* **Try it**:
In the entries below, find the line containing "用上斜三通既引導下水方向,又便于后期疏通" and the line containing "مبنى مهدم في". Copy those two lines and everything between them exactly, without the pictures.

* **Input data**:
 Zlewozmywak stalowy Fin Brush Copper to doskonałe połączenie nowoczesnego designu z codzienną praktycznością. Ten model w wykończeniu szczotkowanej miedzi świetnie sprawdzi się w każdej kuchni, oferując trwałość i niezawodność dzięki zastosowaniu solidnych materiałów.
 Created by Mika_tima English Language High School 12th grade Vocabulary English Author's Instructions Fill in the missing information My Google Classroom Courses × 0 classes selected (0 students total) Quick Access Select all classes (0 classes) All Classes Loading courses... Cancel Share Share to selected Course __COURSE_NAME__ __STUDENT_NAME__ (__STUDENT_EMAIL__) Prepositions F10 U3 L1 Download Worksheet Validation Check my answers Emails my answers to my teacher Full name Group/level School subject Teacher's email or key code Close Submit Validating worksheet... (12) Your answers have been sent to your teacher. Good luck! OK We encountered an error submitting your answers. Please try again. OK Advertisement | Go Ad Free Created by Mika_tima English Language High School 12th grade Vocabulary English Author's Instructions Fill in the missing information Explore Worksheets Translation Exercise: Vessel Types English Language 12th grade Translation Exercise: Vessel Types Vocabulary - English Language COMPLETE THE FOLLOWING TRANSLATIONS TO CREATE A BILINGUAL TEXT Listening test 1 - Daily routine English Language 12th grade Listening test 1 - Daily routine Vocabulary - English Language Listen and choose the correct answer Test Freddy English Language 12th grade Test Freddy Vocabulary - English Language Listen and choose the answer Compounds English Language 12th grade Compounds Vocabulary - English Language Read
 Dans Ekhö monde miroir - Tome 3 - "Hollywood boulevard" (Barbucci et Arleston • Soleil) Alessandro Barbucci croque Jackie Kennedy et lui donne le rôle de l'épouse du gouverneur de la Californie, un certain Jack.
* * *
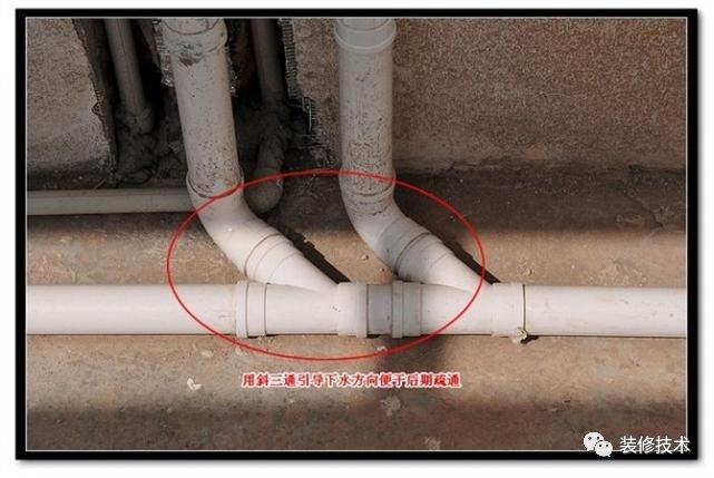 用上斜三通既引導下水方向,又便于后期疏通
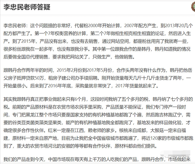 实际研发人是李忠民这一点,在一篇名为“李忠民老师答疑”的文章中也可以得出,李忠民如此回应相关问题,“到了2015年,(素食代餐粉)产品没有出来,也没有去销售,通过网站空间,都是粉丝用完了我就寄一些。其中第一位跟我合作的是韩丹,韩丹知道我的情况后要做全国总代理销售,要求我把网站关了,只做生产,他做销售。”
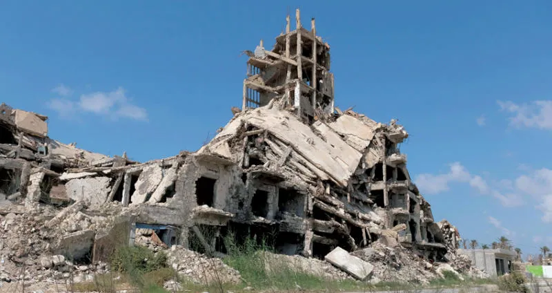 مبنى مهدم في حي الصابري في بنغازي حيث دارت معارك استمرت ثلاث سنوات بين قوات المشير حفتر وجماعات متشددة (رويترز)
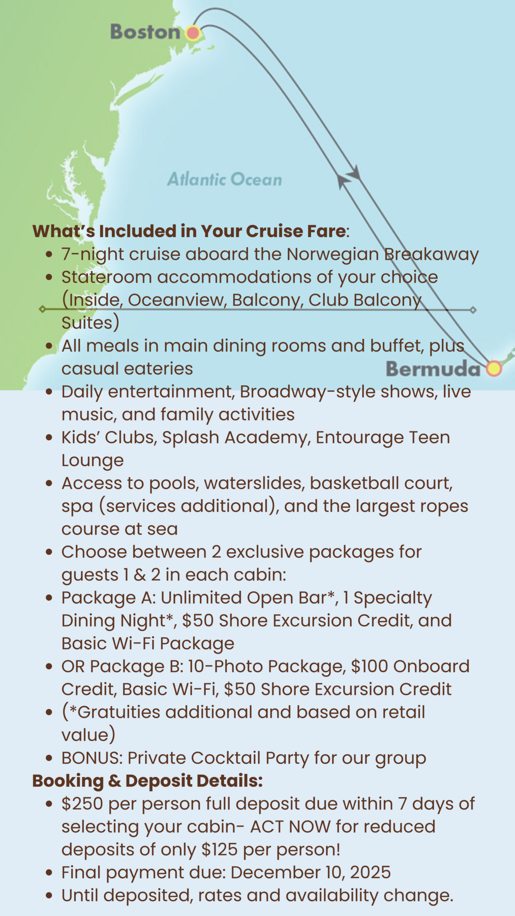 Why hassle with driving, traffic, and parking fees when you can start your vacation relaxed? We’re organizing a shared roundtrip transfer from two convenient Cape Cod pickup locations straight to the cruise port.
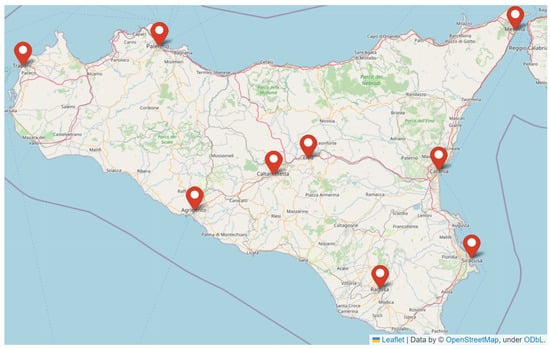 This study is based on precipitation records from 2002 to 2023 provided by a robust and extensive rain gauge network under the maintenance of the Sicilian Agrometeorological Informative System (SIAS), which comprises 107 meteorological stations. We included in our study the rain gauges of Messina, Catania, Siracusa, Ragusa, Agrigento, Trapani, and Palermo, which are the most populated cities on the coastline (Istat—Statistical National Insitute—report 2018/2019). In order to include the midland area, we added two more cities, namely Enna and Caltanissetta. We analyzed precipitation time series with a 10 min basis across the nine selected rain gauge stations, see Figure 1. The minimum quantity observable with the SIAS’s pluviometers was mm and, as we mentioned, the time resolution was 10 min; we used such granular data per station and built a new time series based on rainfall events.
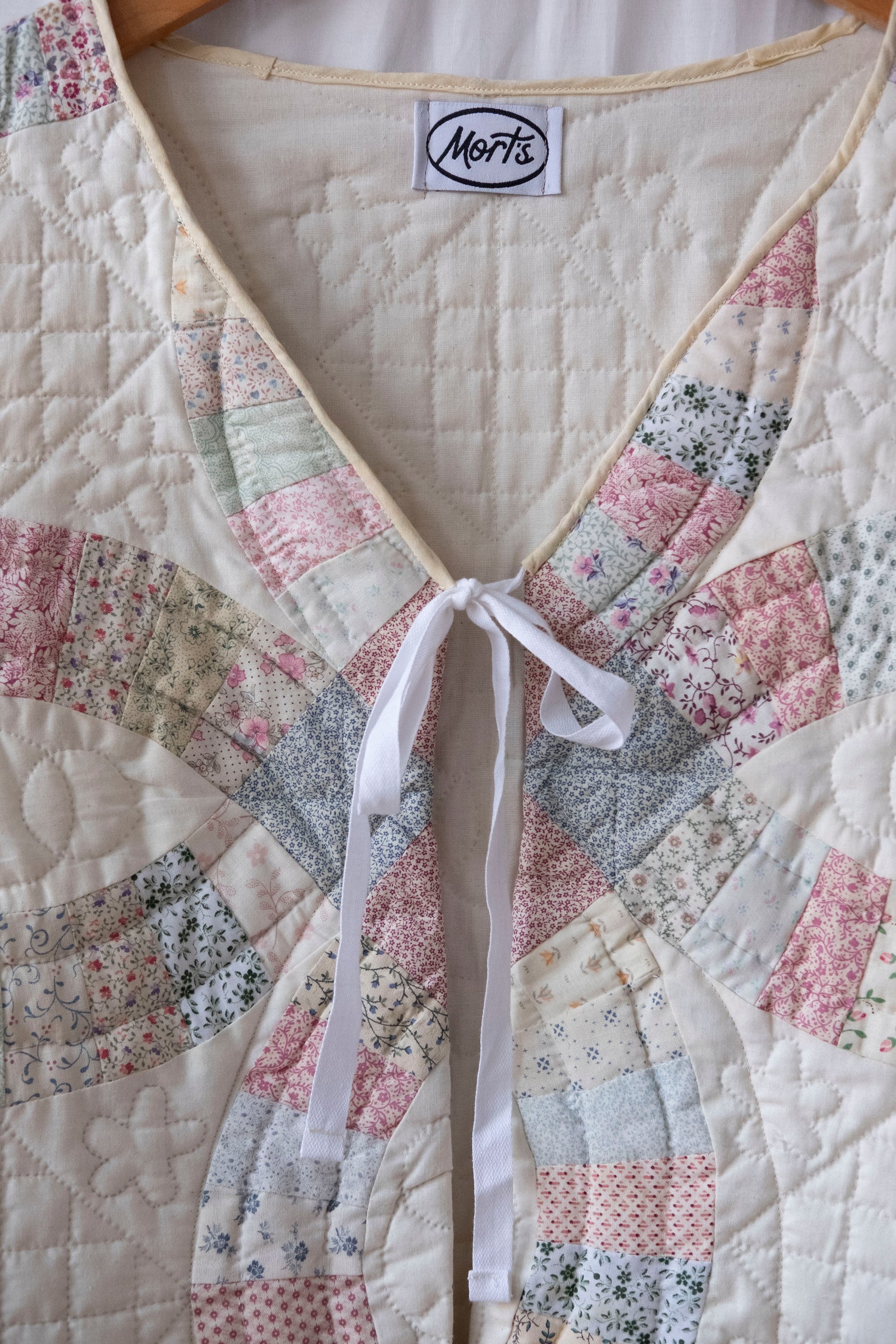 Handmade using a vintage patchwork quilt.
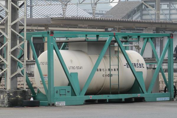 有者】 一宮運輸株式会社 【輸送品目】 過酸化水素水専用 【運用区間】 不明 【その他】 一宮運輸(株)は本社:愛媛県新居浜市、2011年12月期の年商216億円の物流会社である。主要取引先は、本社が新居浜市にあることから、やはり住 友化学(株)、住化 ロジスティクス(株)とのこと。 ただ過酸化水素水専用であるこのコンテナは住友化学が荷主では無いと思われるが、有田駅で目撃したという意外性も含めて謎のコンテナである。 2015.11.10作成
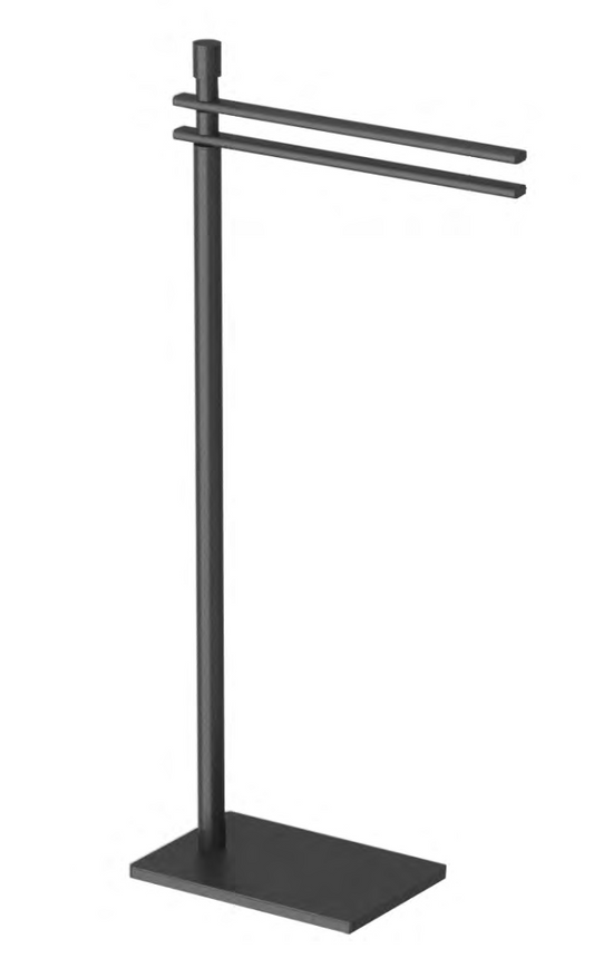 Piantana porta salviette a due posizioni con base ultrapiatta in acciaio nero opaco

* **Output of the exercise**:
 用上斜三通既引導下水方向,又便于后期疏通
 实际研发人是李忠民这一点,在一篇名为“李忠民老师答疑”的文章中也可以得出,李忠民如此回应相关问题,“到了2015年,(素食代餐粉)产品没有出来,也没有去销售,通过网站空间,都是粉丝用完了我就寄一些。其中第一位跟我合作的是韩丹,韩丹知道我的情况后要做全国总代理销售,要求我把网站关了,只做生产,他做销售。”
 مبنى مهدم في حي الصابري في بنغازي حيث دارت معارك استمرت ثلاث سنوات بين قوات المشير حفتر وجماعات متشددة (رويترز)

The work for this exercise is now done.